In che modo non temere il futuro?
Invece di convincerci che possiamo creare il nostro futuro o che siamo “creatori del nostro destino”, la prospettiva biblica è semplice e pratica: non conoscere il futuro ma confidare che “tutte le cose cooperano al bene di quelli che amano Dio” (Romani 8:28); questo può aiutarci ad avere la pace.
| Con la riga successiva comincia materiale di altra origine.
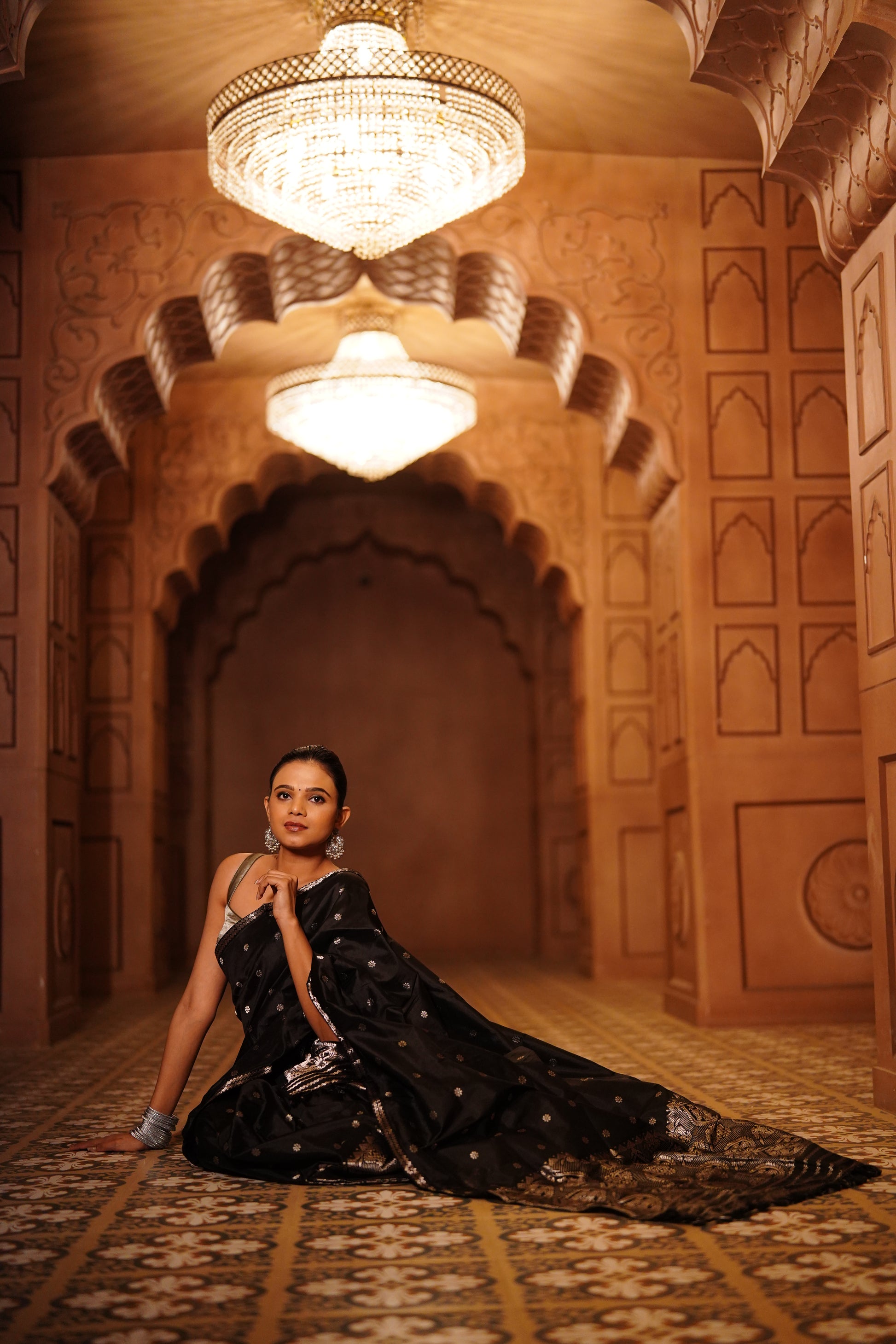Command attention with the enduring elegance of "Midnight Silver," a captivating handwoven silk Mekhela Sador designed for sophisticated allure. This exquisite ensemble features a deep, lustrous black, providing a dramatic canvas for the shimmering silver accents. The body of the sador is often subtly adorned with delicate silver motifs or a pristine plain weave that highlights its inherent sheen. The true artistry unfolds in the borders and pallu, where intricate silver zari work creates striking patterns, reflecting traditional craftsmanship with a modern edge. Perfect for evening galas, formal events, and any occasion where you desire a powerful yet refined presence, this Mekhela Sador is a timeless classic that promises to drape you in unparalleled luxury and grace.

Allora, qual è il ruolo della rivelazione biblica? La risposta si trova nel primo versetto del libro dell’Apocalisse: è una rivelazione di Gesù Cristo (Apocalisse 1:1). Il futuro non riguarda gli orrori dei malvagi, ma la bontà e la saggezza di Dio, che offre la grazia e interviene per difendere i suoi figli quando la verità sembra essere inghiottita dalla menzogna. Anche se questa grazia significa dare tempo e spazio a chi fa del male, è Dio che ha il controllo assoluto e che alla fine interverrà in difesa di coloro che hanno creduto in lui. Anche i segni dei tempi non vanno interpretati come pietre miliari che indicano la distanza dalla meta, ma piuttosto come indicatori del fatto che si sta andando nella giusta direzione. Per coloro che amano Dio, il futuro non è semplicemente un tempo ancora sconosciuto, ma un luogo di incontro con il Signore, un tempo in cui Dio può essere visto nella sua grandezza e bontà. Ecco perché non temono il futuro, così come non hanno paura del presente o del passato.
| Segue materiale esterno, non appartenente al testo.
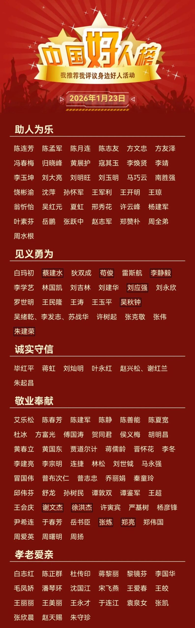 河南省商丘市睢阳区税务局退休干部。2008年,杨建军在云南烈士陵园扫墓时,志愿替16名商丘市柘城籍烈士尽孝。17年来,杨建军积极捐款捐物,组织爱心基金及社会各界力量为烈士家属捐款捐物。他累计看望关怀烈士父母2000多户次,支出资金100余万元。其先后8次寻找烈士安葬地和陪同烈士亲属祭奠亲人,累计行程8万多公里。

(Adrian Neagu è direttore editoriale della casa editrice “Life and Health Romania” e ha conseguito un dottorato di ricerca in storia.).
Note
[1] Agostino, Mărturisiri (Le Confessioni), traduzione di Nicolae Barbu, pubblicato dall’Istituto Biblico e Missionario della Chiesa Ortodossa Rumena, Bucarest, 1994, pp. 340-341.
[2] Cfr. Jayne Leonard, “What to Know About Anticipatory Anxiety (Cosa sapere sull’ansia anticipatoria), in Medical News Today (online), 20 luglio 2021, disponibile su https://www.medicalnewstoday.com/articles/anticipatory-anxiety.
[3] L’affermazione è erroneamente attribuita ad Abraham Lincoln, ma a quanto pare è stata pronunciata per la prima volta da Peter Drucker.